On 4/5/10 Apr 5 -6:38 AM, Jean-Claude Beaudoin wrote:
My very first attempt at using ASDF version 1.661 on my system ended-up in the debugger on a file-error signaled by function truename.
The offending call came from function asdf::component-parent-pathname that contains a call to truename unwrapped in any condition handler although truename is required to signal errors. This seems to be the only such instance in asdf.lisp, all the other truename calls being wrapped inside a ignore-errors.
I fixed the situation by modifying asdf::component-parent-pathname this way:
(defun component-parent-pathname (component) (aif (component-parent component) (component-pathname it) (or (ignore-errors (truename *default-pathname-defaults*)) *default-pathname-defaults*)))

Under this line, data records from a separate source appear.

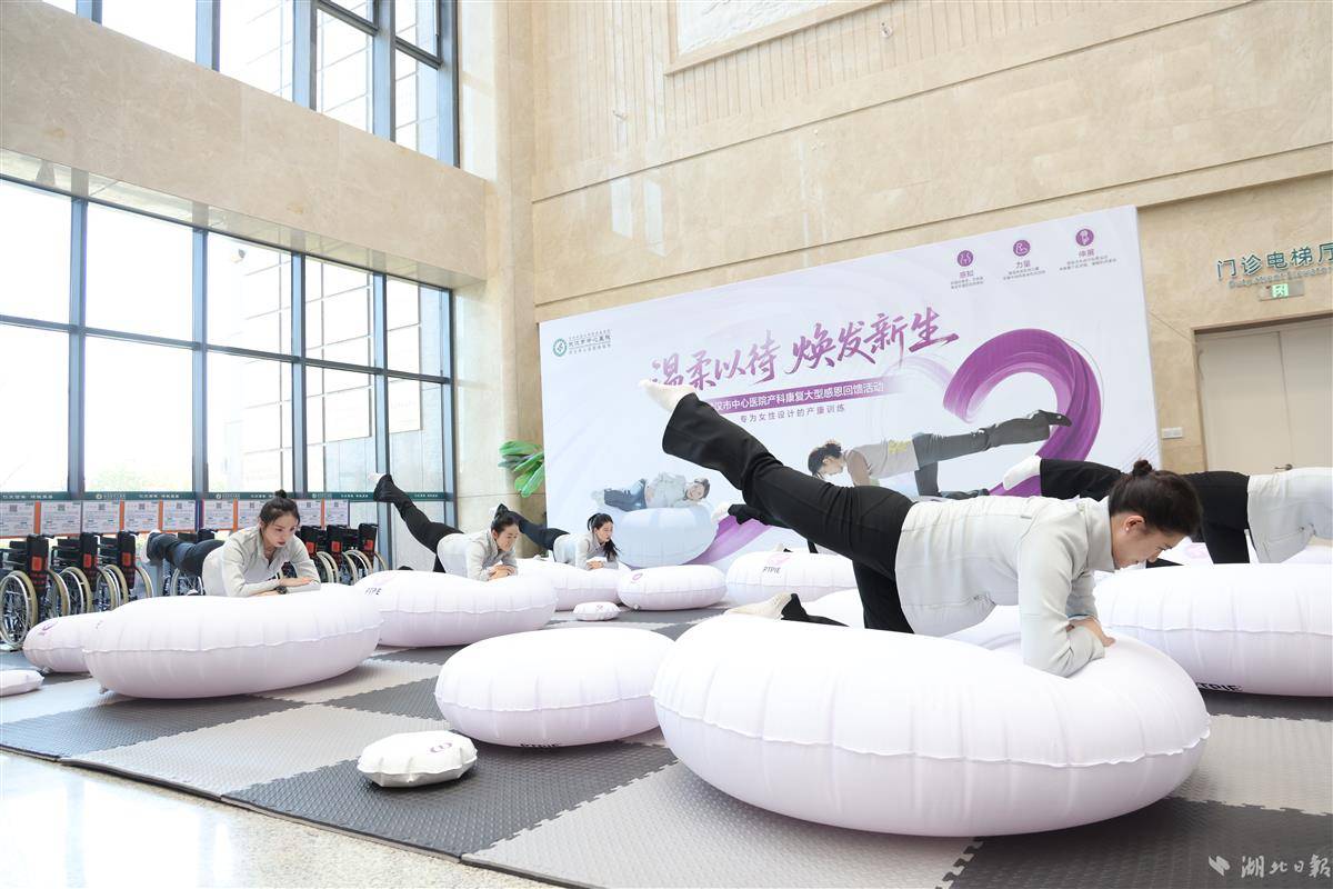 湖北日报讯(记者余瑾毅、通讯员马遥遥)“深吸一口气,吐气,核心慢慢收紧,竹节式抬起臀部、髋部、腰部、胸部……”12月14日,在武汉市中心医院杨春湖院区门诊东大厅,不少女性朋友在产科专家指导下,切身体验WAFF盆腹运动康复训练。这场以“温柔以待 焕发新生”为主题的盆底康复公益活动,吸引近百名产前、产后女性前来体验学习。
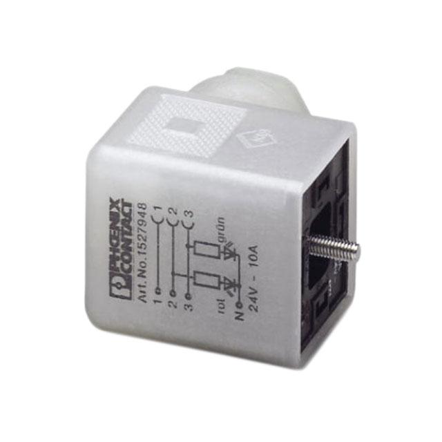 This is manufactured by Phoenix Contact. The manufacturer part number is 1527948. It has a light indicator included yes . Moreover, the product has a nominal 24 v ac voltage rating. It is assigned with possible HTSUS value of 8536.69.8000. The product is rohs compliant. It is a type of valve connector accessory. Its typical moisture sensitivity level is 1 (unlimited). In addition, bulk is the available packaging type of the product. The product is suitable for use with hydraulic, pneumatic, electromagnetic and sensors. It has a long 4 weeks standard lead time. The phoenix contact's product offers user-desired applications. The product is designated with the ear99 code number.
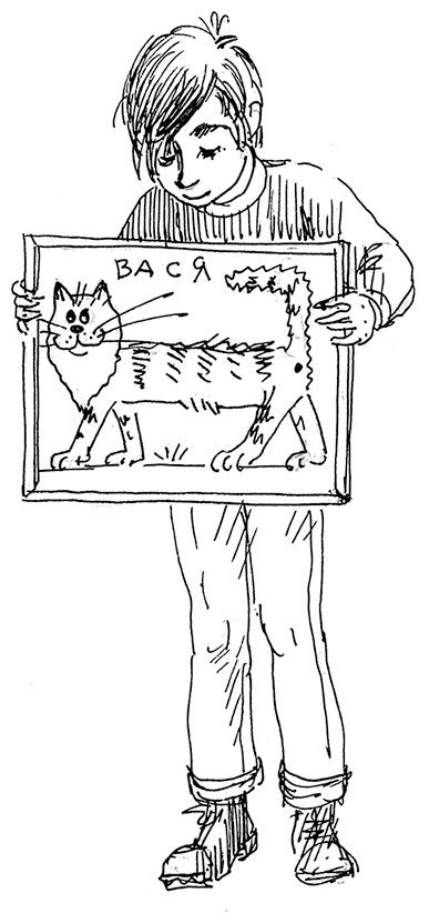 – Дяденька волшебник, здравствуйте. Меня зовут Вася. А это кот Васька. Это я для вас. Сам нарисовал. И рамку сам сделал, – быстро выпалил Вася Вертушинкин и замолчал, задохнувшись, не зная, что еще сказать.
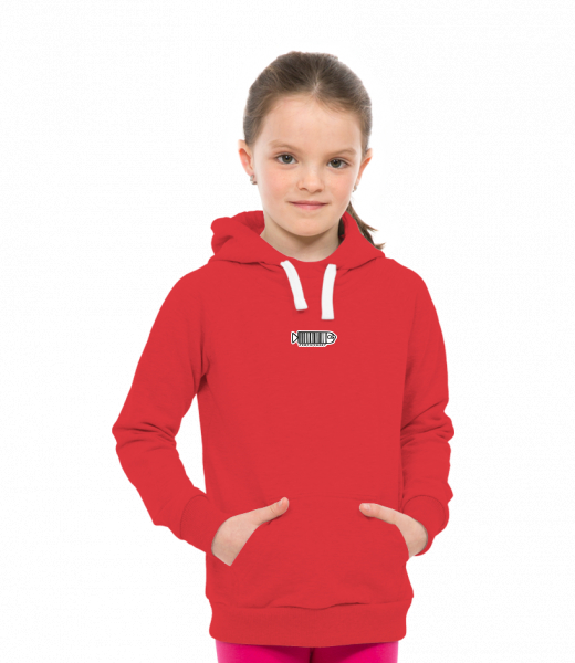 Dětská mikina LIGHT přes hlavu s kapucí a potiskem Lyžařská kolekce pro děti s potiskem 71 FISHBARCODE v barvě RED
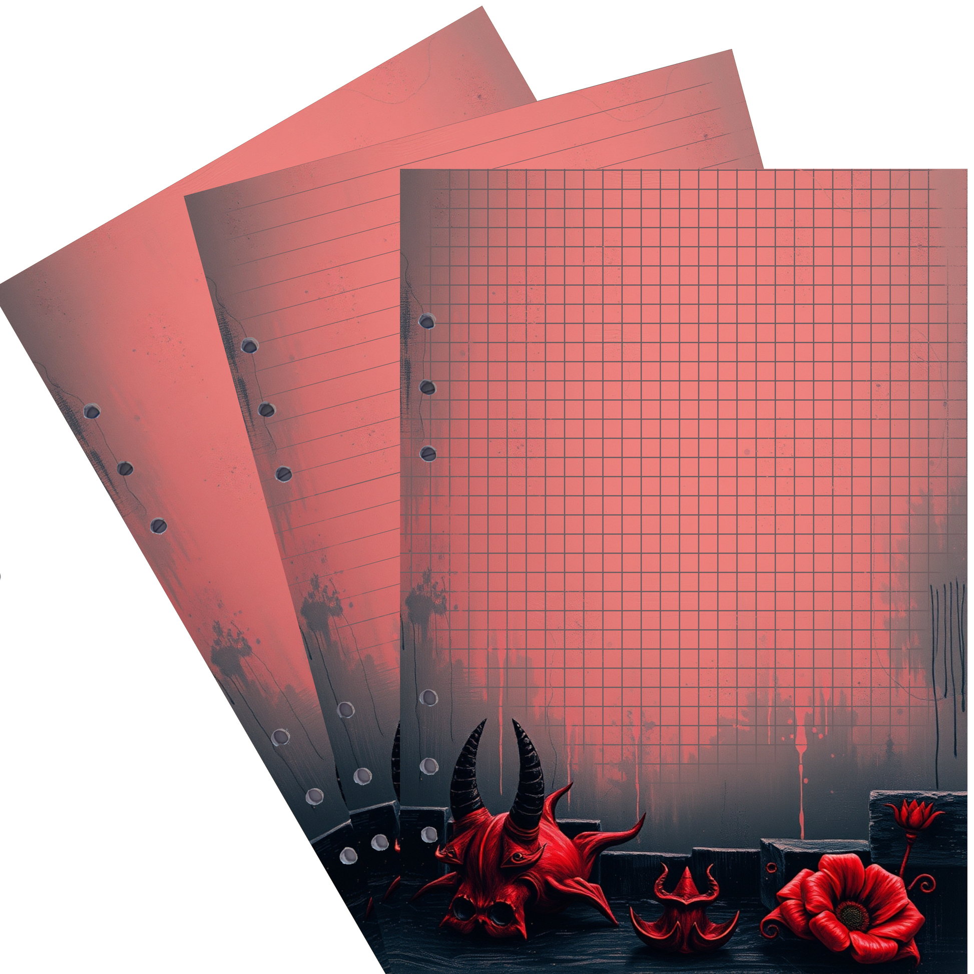 Vielseitige Anwendungsmöglichkeiten: Diese Nachfüllseiten eignen sich hervorragend für kreative Projekte, Notizen oder Skizzen, die von einer geheimnisvollen, leicht makaberen Stimmung inspiriert sind.

Can you explain why ignore-errors is correct here? Seems like that OR there is just hoping that something good will happen even if TRUENAME raises an error. Why is it better to quash an error and hope, instead of bringing the error to the user's attention?
I'm willing to believe that there IS a reason, but will you please explain what it is? For example, what was the case you encountered, and why would it have been better to return *default-pathname-defaults* instead of raising an error? What were the *default-pathname-defaults* in this case?
My philosophy is more "signal errors strictly and as early as possible" than "protect your users from errors in cases of bad data."